The Context Window Bottleneck
Every AI agent runs within the constraints of its model's context window — the maximum number of tokens the model can process in a single request. Even with models offering 200K to 1M token windows, context management matters because: (1) cost scales linearly with input tokens, (2) latency increases with context length, (3) model attention degrades on very long contexts ("lost in the middle" effect), and (4) many production tasks involve agents that run for hours or days, generating more context than any window can hold.

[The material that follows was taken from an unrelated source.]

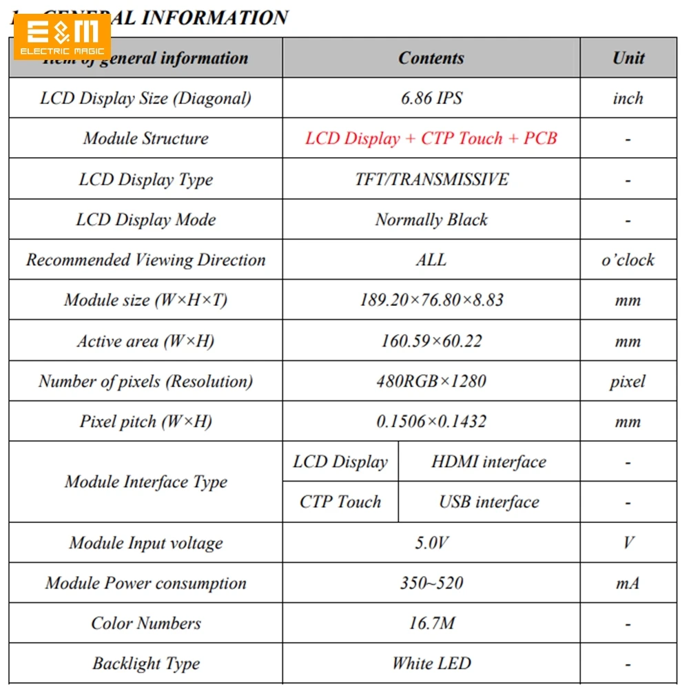 1 * Con pantalla táctil 1 * línea FPC 1 * Cable HDMI 1 * Cable USB

A customer service agent handling 50 calls per day with an average of 20 turns per call generates roughly 100,000 tokens of conversation history. A coding agent working on a large codebase might need to reference hundreds of files. A research agent exploring a topic might traverse dozens of web pages. Without active context management, these agents either crash against the token limit or degrade in quality as the context fills with noise.
Strategy 1: Conversation Summarization
The most common approach for long-running conversational agents is to periodically summarize older parts of the conversation, replacing verbose history with a compact summary that preserves key facts.
from dataclasses import dataclass, field
from typing import Optional
@dataclass
class ConversationMemory:
summary: str = ""
recent_messages: list[dict] = field(default_factory=list)
key_facts: list[str] = field(default_factory=list)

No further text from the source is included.